Seeing sea ice formation


The structure of an ice core tells a story about its life cycle; you can take a look and read it like a timeline. Geophysicist Andy Mahoney, assistant research professor in the University of Alaska Fairbanks Geophysical Institute, extracted a sea ice core offshore from Barrow, Alaska. He described how sea ice takes form.

When a freeze begins in open water it creates a mixture of grainy ice crystals suspended near the surface of the water, not yet solidified into solid ice. The mixture is known as frazzle ice. “Frazzle is the word we use for the kind of loose soup of unconsolidated ice crystals that float around in the ocean as it is freezing,” Mahoney explained. The granular crystals “Float to the surface and they congeal,” creating ice characterized by lots of trapped gas bubbles called inclusions. Mahoney: “Once this solidifies, it caps the ocean and you get less wind influence, less waves, you have a much quieter regime under the ice.” Frazzle ice forms in open ocean water as the beginnings of new sea ice.

Once the ocean is capped by a layer of solidified frazzle ice and creates that “quieter regime,” the ice starts to grow downward-growing columnar ice. Mahoney said “The rejection of salt between the ice crystals creates a constitutionally super cooled layer underneath the ice. So any crystal that is protruding down into it, or any crystal that is vertically sticking down into that layer has a growth advantage.” Ice crystals that grow downward grow faster than ones sticking out to the side. “Pretty quickly all the crystals start aligning.” Mahoney can point out the columnar ice on the ice core he extracted.


Then, on this particular core, the columnar ice is interrupted. Besides forming in open ocean water in the fall, frazzle ice also forms when sea ice already exists but large cracks called leads have spread the ice apart to reveal open water. Cold temperatures prompt frazzle ice formation atop water bared by the cracks. Then, strong winds (which likely encouraged cracks to form in the first place) are able to blow the frazzle ice hard against the ice, and actually push it underneath pack ice edges. Mahoney can sometimes link frazzle ice he finds in cores to past time when he witnessed cracks form in sea ice, which he monitors using radar mounted in Barrow. “We can date where this happened. This happened in late December when there was a great break out with the landfast ice, strong eastward winds pushed the ice out,” Mahoney said. There was a memorable break out event in the landfast ice off Barrow’s coast. Cold temperatures promoted new frazzle ice growth. Then the wind reversed and blew west again, forcing the frazzle ice under the landfast ice.

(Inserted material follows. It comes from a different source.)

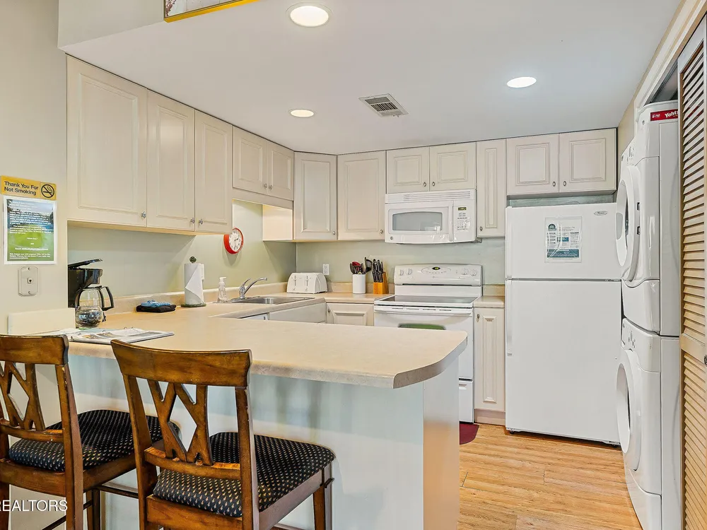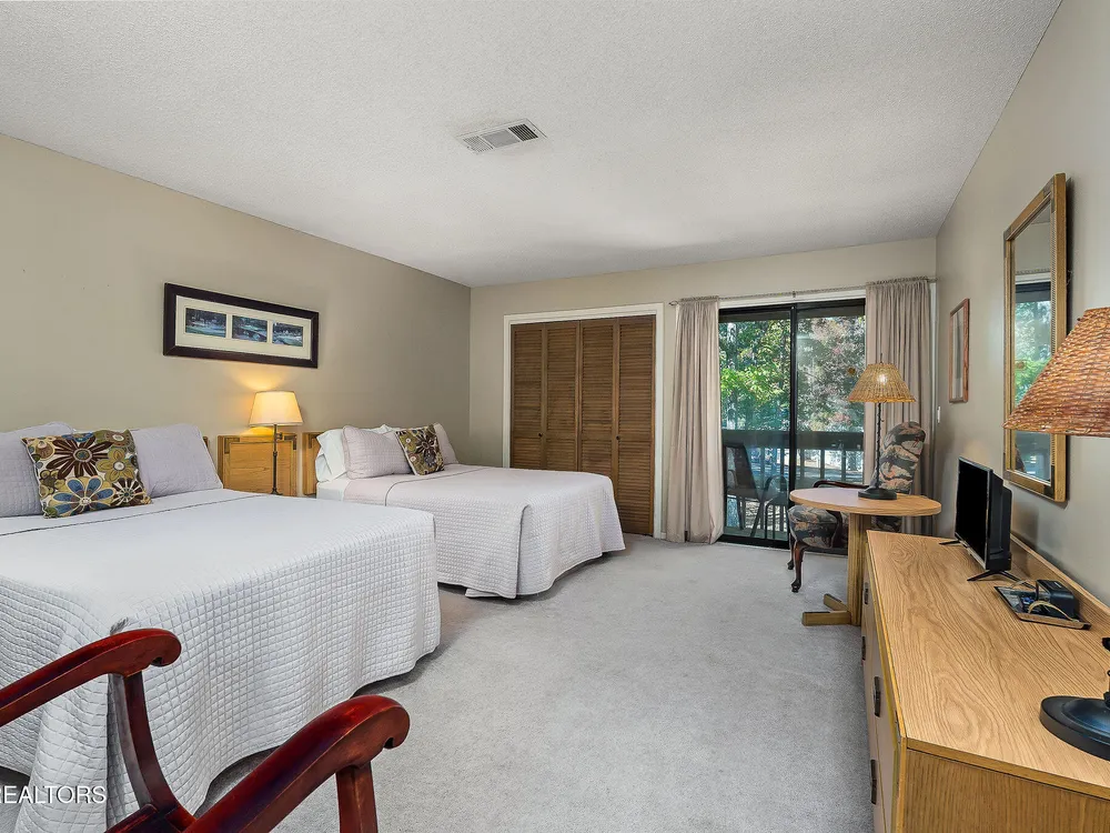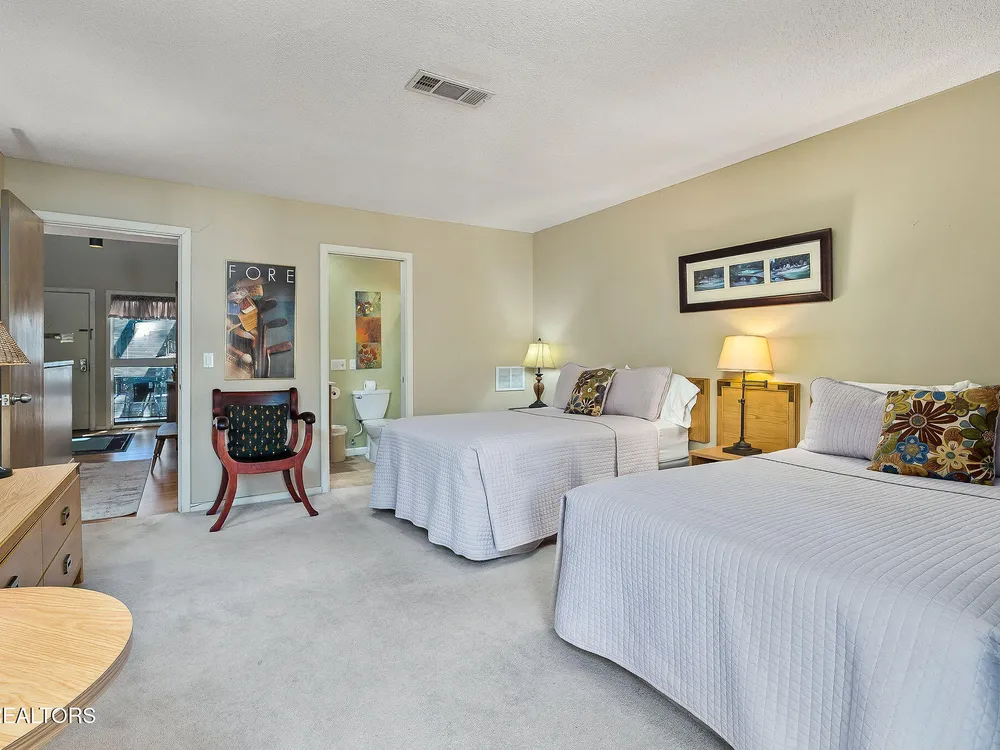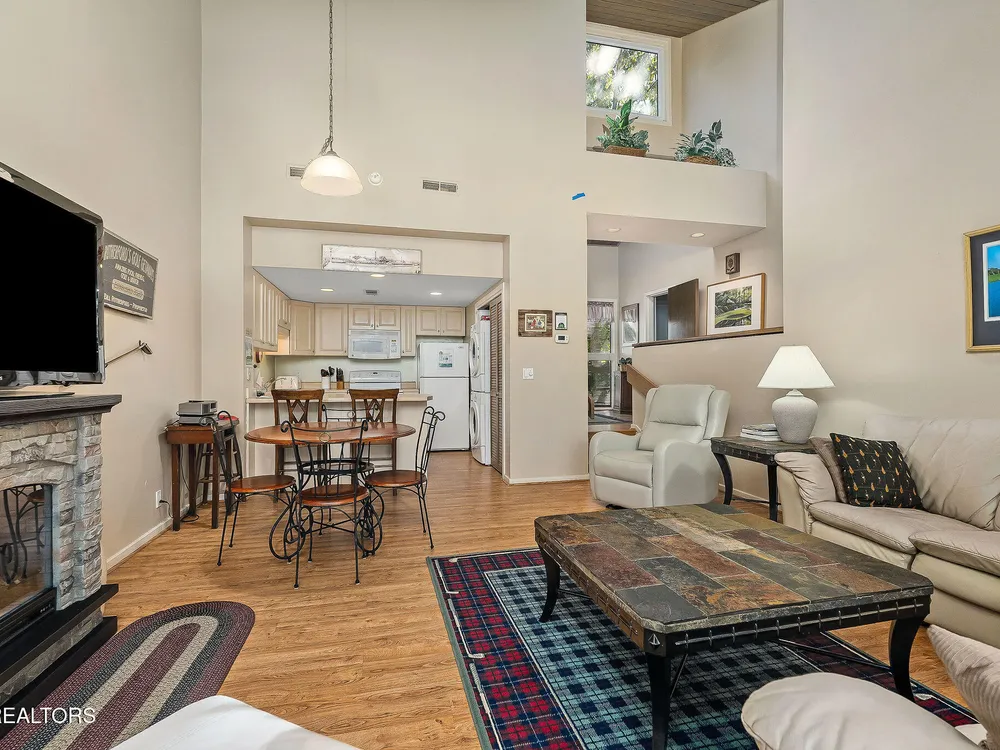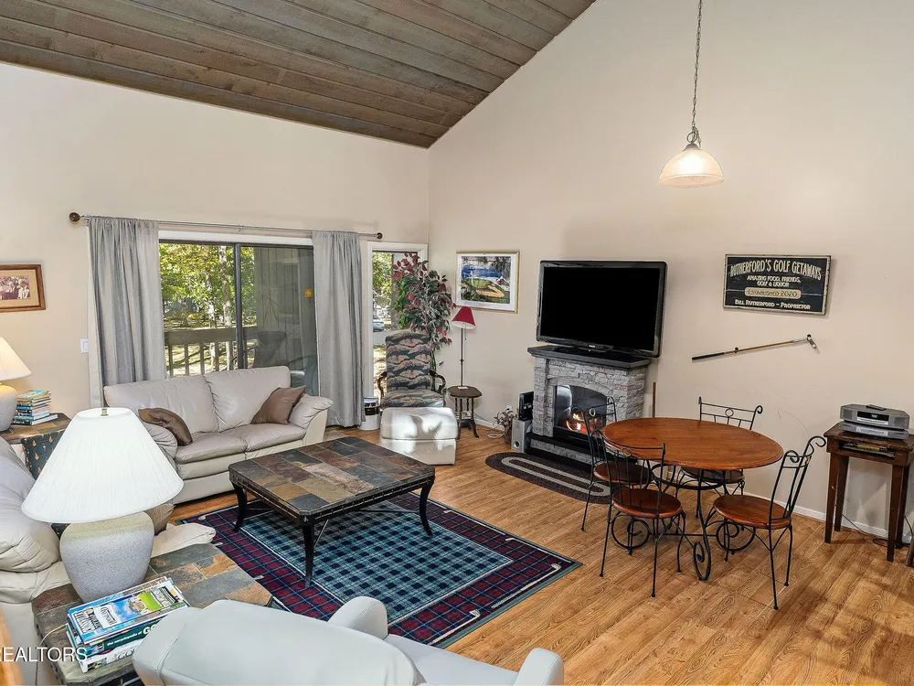 This fully furnished 2-bedroom, 2-bath condo is a great opportunity for rental income or a peaceful retreat. Set in one of the area's most sought-after communities, it's popular with golf package renters and vacationers alike. With over 1,200 square feet of well-designed space, this condo features beautiful new vinyl plank flooring in the living and dining areas, a well as the entryway and hall, plus tall vaulted ceilings and large windows that let in tons of natural light. Both bedrooms include two queen beds and are carpeted with quality flooring that was updated just two years ago. The open living room is warm and inviting with a new electric fireplace, perfect for relaxing after a day spent enjoying all the amenities nearby. The exterior has also been given attention—freshly painted decks, a roof that's just seven years old, and a recently serviced heating and air system offer added peace of mind. Not only are you minutes from scenic hiking trails like the Library Trail, but you're also close to everyday conveniences such as grocery shopping. The community offers five championship golf courses, eleven lakes, two marinas, tennis, pickleball, swimming pools, and more. Whether you're here to play or just get away, there's always something to enjoy. This condo checks the boxes as a smart investment and a comfortable living space. It's move-in ready and waiting—bring your overnight bag, your golf clubs, and maybe a few snacks for the neighbors. Everything, but a few personal items are being sold with the condo. This condo has been on the short-term rental program and has been a great producer, with many existing reservations still in place for 2025. Start making money on this investment immediately after purchasing it! The CCV assoc recently sent a $13,500 assessment to be paid over 3 years to all owners of 2 bedroom condos in the complex. Seller has already paid half $6,750. Copy of letter is in the MLS documents.

Mahoney continues to read the ice’s history as he points out features moving down the core. After the December frazzle ice there’s more columnar ice. It is flawed by a pattern that looks like a tree shape was removed from the ice: tiny pathways joining each other and becoming larger as they move down. Mahoney explained “This is a dendritic brine drainage channel. As the ice is expelling the salt from the ice… As the ice cools down and brine volume decreases, and pores constrict, you get expulsion of brine from within the ice. And that’s what’s happening here, that’s a channel that’s worn, and you can see all the branches feed into one main channel.” Salty water is expelled from ice through drainage pathways into the ocean below. “That tells us something about how fluids are transported in these layers.” Mahoney said “From an oil percolation point of view, that is clearly not a barrier to percolation. Oil could migrate all the way up through that.” So oil spilled into water that encountered these brine drainage pathways would use them to infiltrate through the ice. Mahoney took another photo for documentation.

All the way down at the bottom where the ice core’s ice met ocean water the ice is different. It’s still full of briny salt water. A discoloration betrays the presence of life. “That is actually algae, phytoplankton that is living,” said Mahoney. The ice crystals were still growing, and here where they touched the water their alignment appears more horizontal because flowing currents in the ocean push at the crystals they touch. “The currents underneath the ice instill a preferred orientation into the ice crystals.” Near-coast currents are aligned with the coast, and so they also align the growing ice crystals parallel with the coast. It’s just one more thing guiding the formation of the ice microstructure. And even before reaching the lab, a sea ice scientist like Mahoney can read telltale signs.